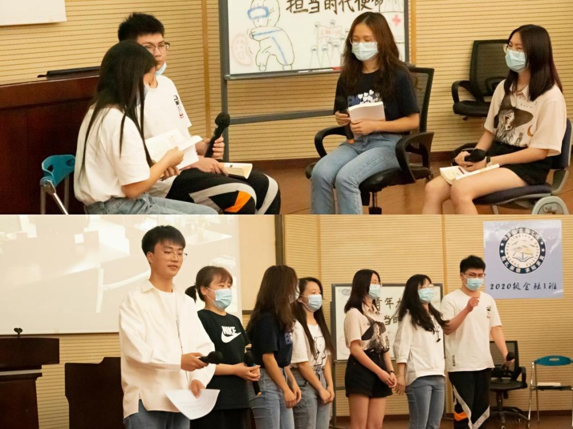 在这个环节中,全班同学踊跃发言,讨论在疫情当下,大学生在校园、社会中该如何履行责任担当使命。陈奕熹同学认为我们应尽到大学生的责任和担当,疫情期间虽有诸多不便,但依然要齐心协力服从学校的规章制度、配合学校防疫工作,积极地参与志愿活动,服务全校师生。黄进丹同学认为校园是人员较为密集的公共场所,遵守学校规定,戴好口罩、保持社交距离尤为重要。适当的参与志愿活动,做力所能及的事,也是大学生在校园里责任与担当的一种体现方式。李依璇同学表示,在时代洪流中,我们渺小但具有塑造伟大的能力。在校园里,许多师生都有着强烈的社会责任感,就算疫情形势严峻,也不会抱怨和颓废,而是积极努力地实现自我价值,这都是责任与担当的体现。最后黄雯敬同学认为,在疫情当下大学生心中要有一颗博爱的心,要去爱自己、爱他人、爱集体、爱社会,遵守规则,配合防疫人员的工作,为他们分担一些繁琐之事是应尽的责任。
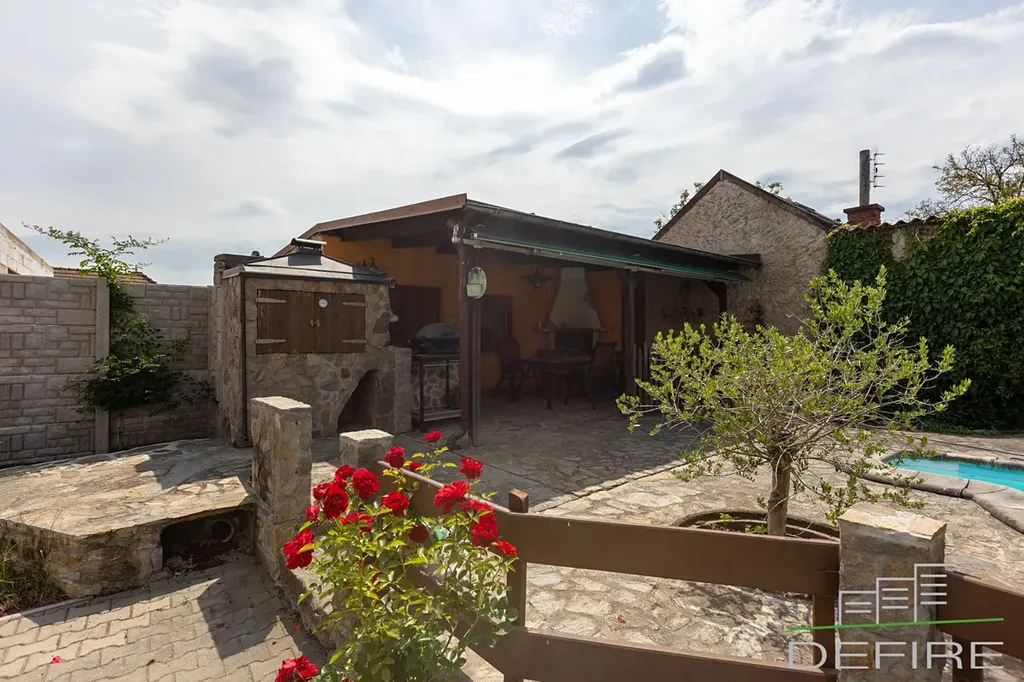 Nemovitost se nachází na vlastním pozemku o celkové výměře 850 m2, Za domem je prostor zahrady s vlastním vjezdem na pozemek. Na zahradě je zapuštěný letní bazén, prostory pro parkování, velká dílna, na kterou navazuje venkovní pergola s krbem pro grilování a udírnou. Toto zákoutí je doplněno venkovním posezením. Zahrada se v současnosti využívá společně s bytovou jednotkou pro soukromé účely.
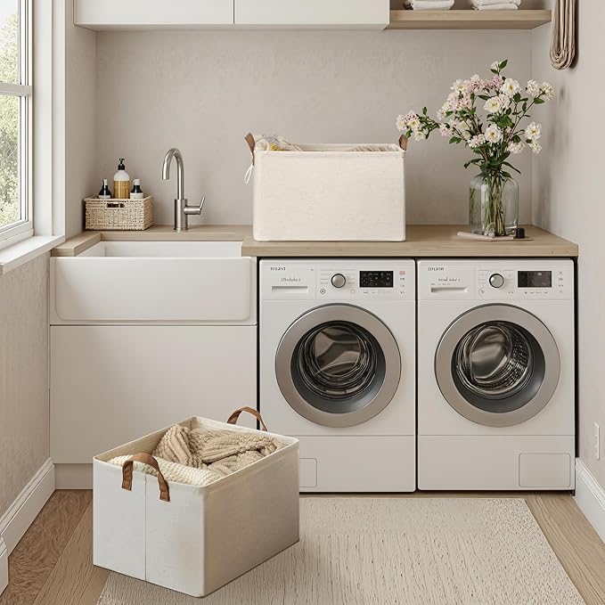 - Handle with Ease: With the 2 PU handles securely riveted to the sides of the storage bin, you can easily carry items without tearing the handles.
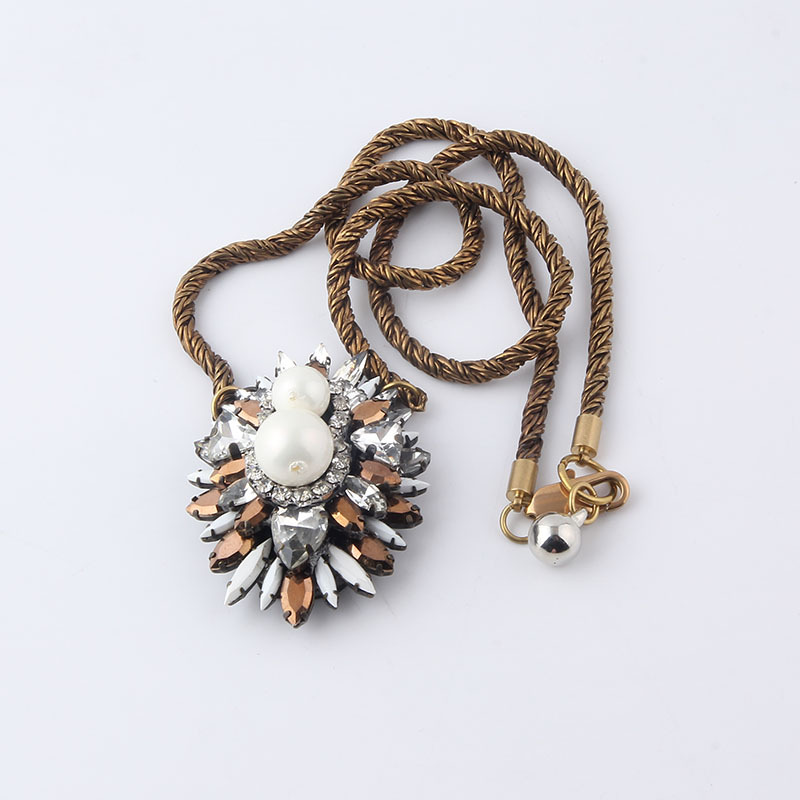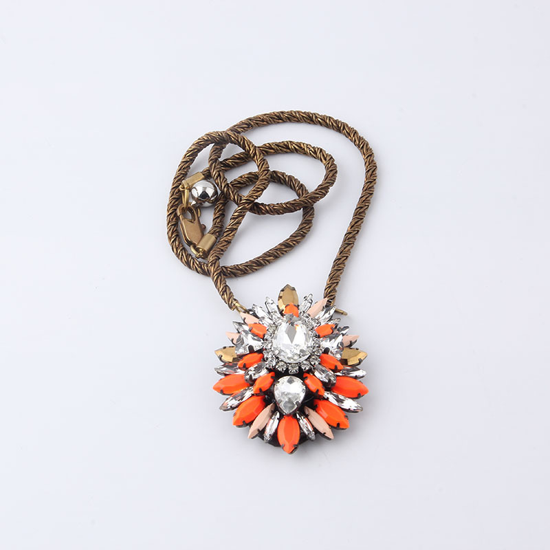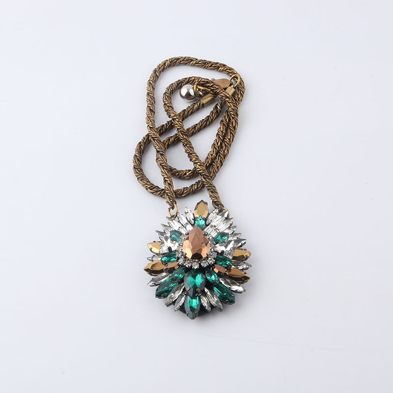 新款时尚欧美风个性夸张项链巴洛克镶钻多彩女士舞会礼物项链吊坠
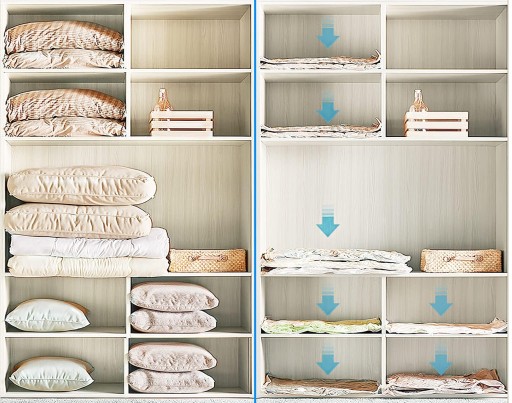 ✅ łatwe w użyciu, wystarczy włożyć do nich tekstylia, zasunąć i odciągnąć odkurzaczem nadmiar powietrza, by zmniejszyć objętość przechowywanych rzeczy;
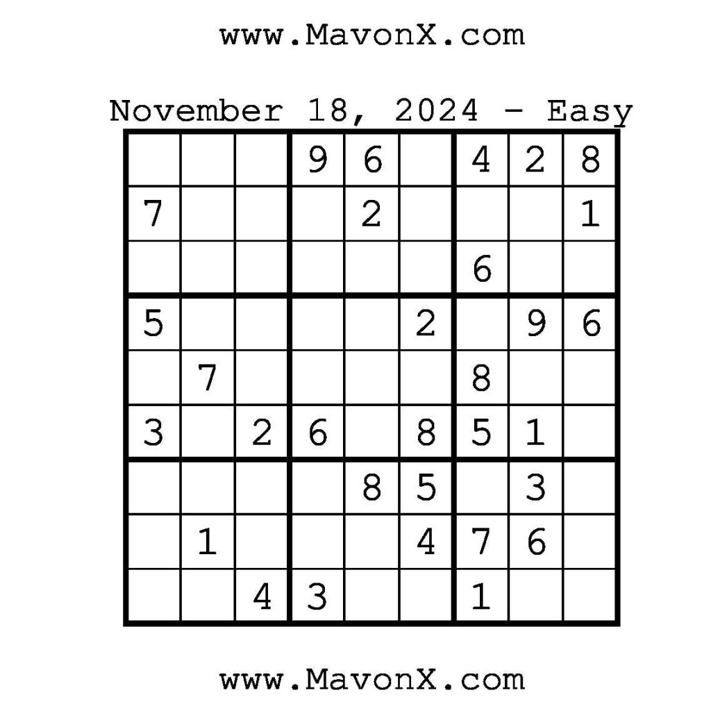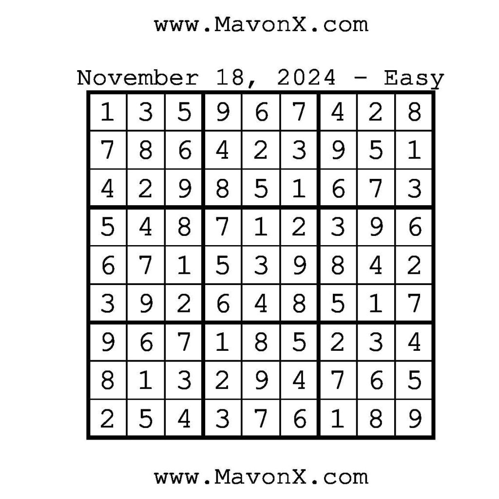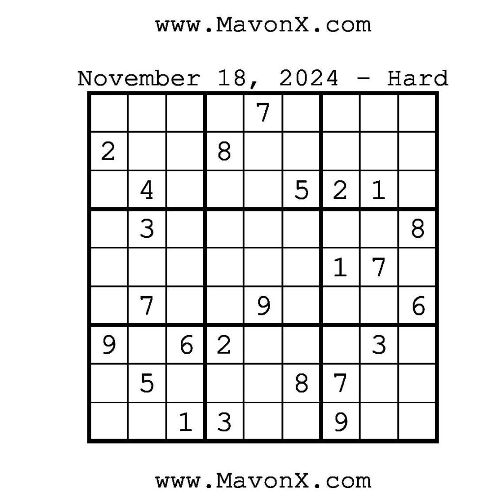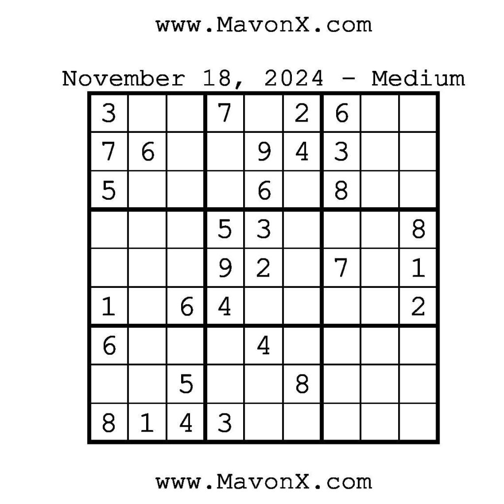 Puzzles of the Day – November 18, 2024 Post author:admin Post published:November 19, 2024 Post category:Free Stuff / Puzzle of the Day / Puzzle of the Day Solutions / Solutions Post comments:0 Comments Check out our books on Amazon!, Check out our books on Barnes and Noble!, Check out our books on Etsy! Easy Sudoku Coach Link Medium Sudoku Coach Link Hard Sudoku Coach Link Show Solution You Might Also Like Puzzles of the Day – April 15, 2026 April 14, 2026 Puzzles of the Day – October 6, 2025 October 6, 2025 Puzzles of the Day – July 27, 2025 July 27, 2025 Leave a Reply Cancel replyCommentEnter your name or username to comment Enter your email address to comment Enter your website URL (optional) Save my name, email, and website in this browser for the next time I comment.
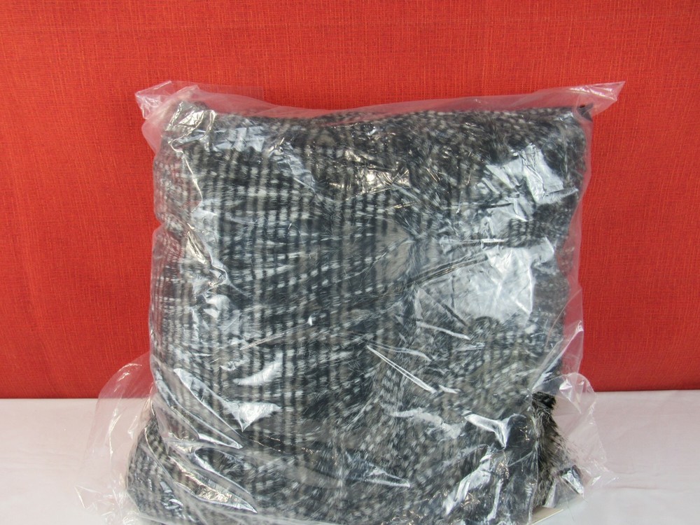 Madison Park Edina Faux Fur Square Pillow 20 x 20"-Black T4102759 Retail $64 Take your sofa or bed's look and feel to a whole new level of luxury with the richly textured design and ultra-soft faux fur of this gorgeous Edina decorative pillow from Madison Park. Each decorative pillow sold individually Dimensions: 20" x 20" Down Pillows: Dry pillows with a tennis ball to prevent clumping Faux-fur face: acrylic/polyester; Faux-fur reverse: polyester; feather/down fill Spot clean only. Imported
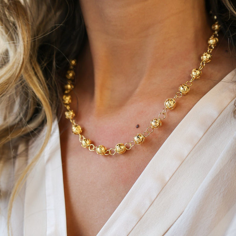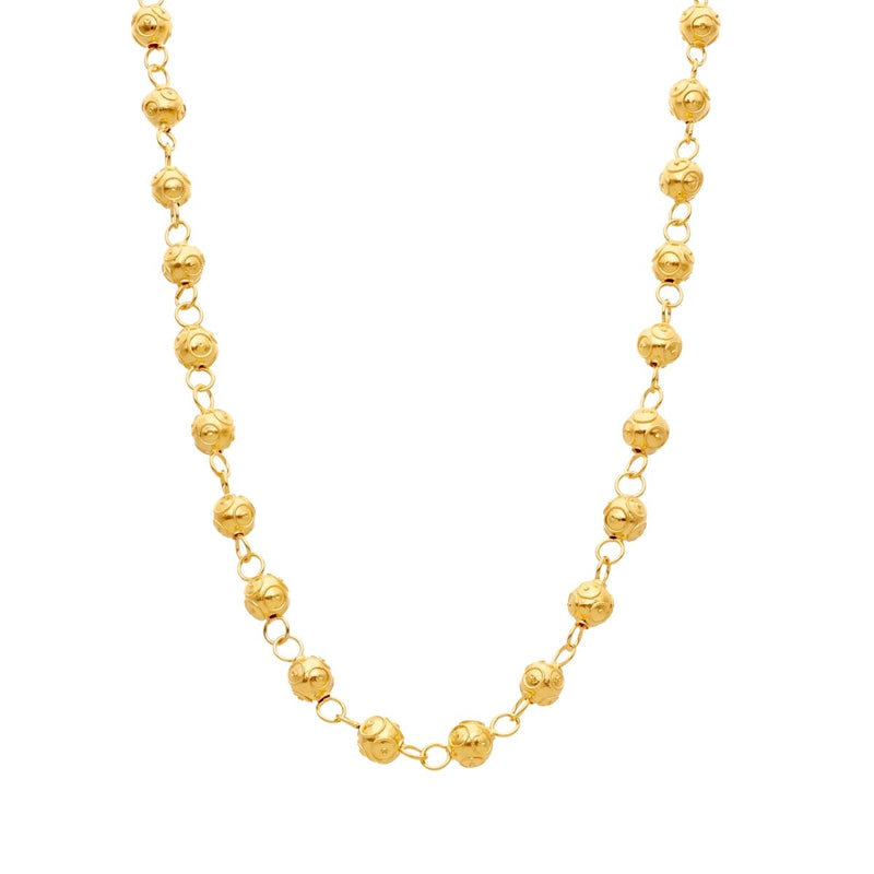 As Contas de Viana são elementos icónicos da joalheria portuguesa, conhecidas por sua simbologia e apelo estético. Este colar apresenta essas contas em ouro de 19.2kl, proporcionando um brilho excecional e uma qualidade duradoura.
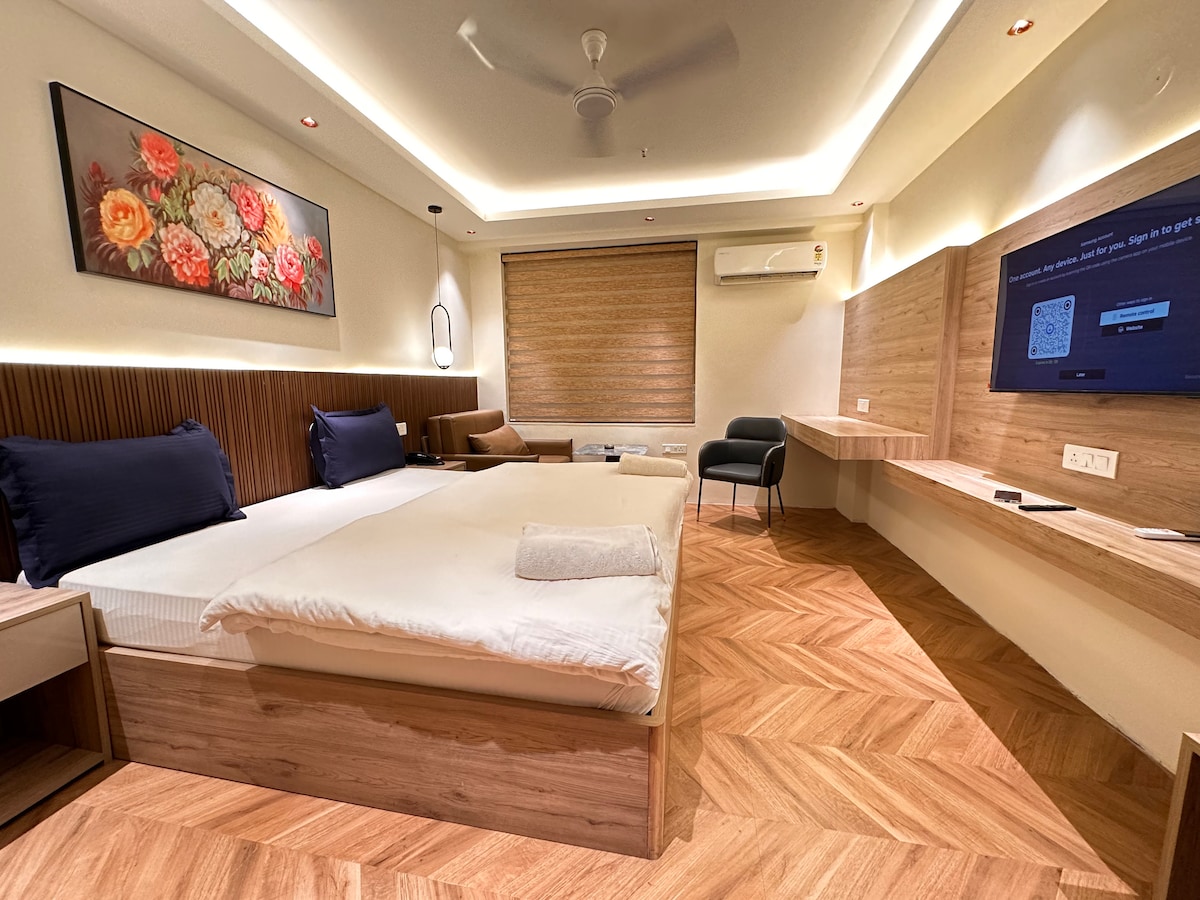 Kick back & relax in this calm & luxurious studio with the warmth of home & the vibe of a high-end hotel. Furnished with a plush King-size bed & modern décor. Amenities: 24/7 Grocery Store Modern Kitchenette High-Speed WiFi & TV Secure Parking outside tower but 24/7 Secured The first 2 floors has commercial shops, offering: Laundry Services Salon Café Medical Store Easy access to the India Expo Mart, Buddh International Circuit. Perfect for couples, solo travellers, or business partners.
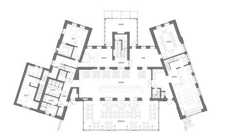 Once a famous Albrecht family restaurant and cafe that belong to the atmosphere of Bratislava at the beginning of the 20the century now faced the need of reuse and reconstruction in order to provide boutique hotel at unique location in the villas quarter above the castle. The symmetry of the overall space distribution offered the central care building with dominant height and side wings that follow the geometry of the site and delimit a small front square. The original function was enriched by a wider program of hotel with spa and relaxes facilities. Partially covered terrace expands the restaurant and cafe floor area at the street level. The reception hall gives entrance to the hotel rooms on the upper levels and downstairs to the new form of wellness zone inserted on place of the former terrace. Sophisticated extravagancy of the architecťs intervention fits within the limits of values given by the original piece. Michal Škrovina
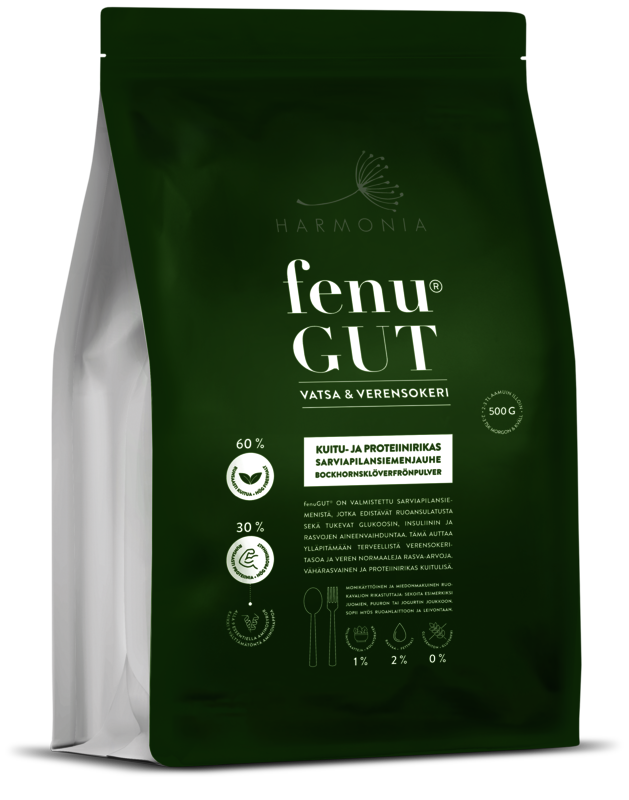 fenuGUT® on proteiinirikas ja vähärasvainen sarviapilansiemenistä valmistettu kuitujauhe, joka edistää ruoansulatusta sekä tukee glukoosin, insuliinin ja rasvojen aineenvaihduntaa, mikä auttaa ylläpitämään terveellistä verensokeritasoa ja veren normaaleja rasva-arvoja.
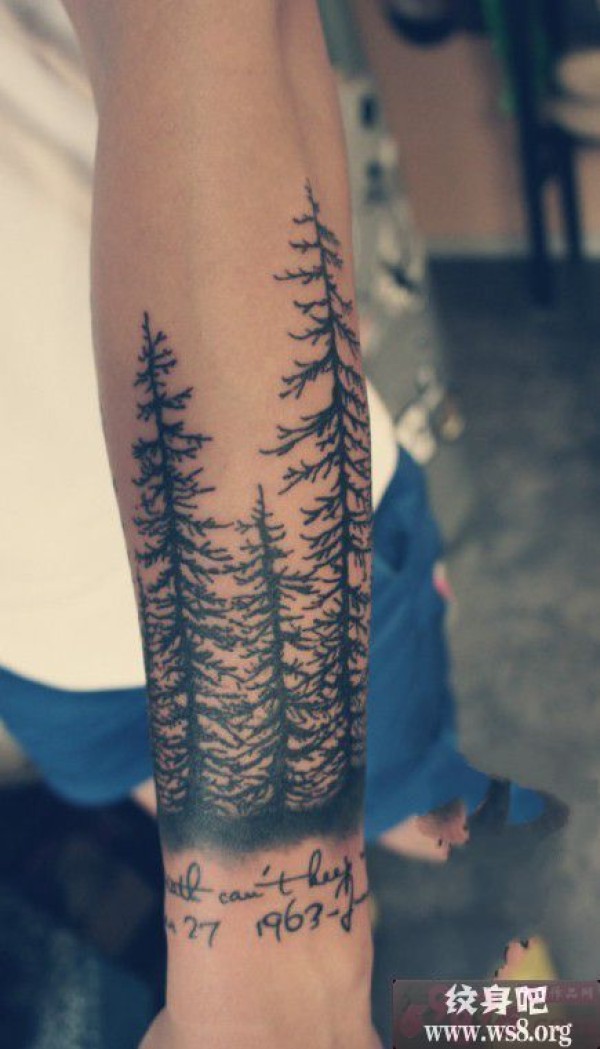 茂盛的松树手臂纹身图案_臂部纹身图案大全_纹身图吧
* * * *
(WHAT THE TASK ASKS)
Repeat exactly the lines from the first line of the records above through the line containing "objętość przechowywanych rzeczy;", both included. Leave out the pictures.

(OUTPUT OF THE TASK)
 在这个环节中,全班同学踊跃发言,讨论在疫情当下,大学生在校园、社会中该如何履行责任担当使命。陈奕熹同学认为我们应尽到大学生的责任和担当,疫情期间虽有诸多不便,但依然要齐心协力服从学校的规章制度、配合学校防疫工作,积极地参与志愿活动,服务全校师生。黄进丹同学认为校园是人员较为密集的公共场所,遵守学校规定,戴好口罩、保持社交距离尤为重要。适当的参与志愿活动,做力所能及的事,也是大学生在校园里责任与担当的一种体现方式。李依璇同学表示,在时代洪流中,我们渺小但具有塑造伟大的能力。在校园里,许多师生都有着强烈的社会责任感,就算疫情形势严峻,也不会抱怨和颓废,而是积极努力地实现自我价值,这都是责任与担当的体现。最后黄雯敬同学认为,在疫情当下大学生心中要有一颗博爱的心,要去爱自己、爱他人、爱集体、爱社会,遵守规则,配合防疫人员的工作,为他们分担一些繁琐之事是应尽的责任。
 Nemovitost se nachází na vlastním pozemku o celkové výměře 850 m2, Za domem je prostor zahrady s vlastním vjezdem na pozemek. Na zahradě je zapuštěný letní bazén, prostory pro parkování, velká dílna, na kterou navazuje venkovní pergola s krbem pro grilování a udírnou. Toto zákoutí je doplněno venkovním posezením. Zahrada se v současnosti využívá společně s bytovou jednotkou pro soukromé účely.
 - Handle with Ease: With the 2 PU handles securely riveted to the sides of the storage bin, you can easily carry items without tearing the handles.
 新款时尚欧美风个性夸张项链巴洛克镶钻多彩女士舞会礼物项链吊坠
 ✅ łatwe w użyciu, wystarczy włożyć do nich tekstylia, zasunąć i odciągnąć odkurzaczem nadmiar powietrza, by zmniejszyć objętość przechowywanych rzeczy;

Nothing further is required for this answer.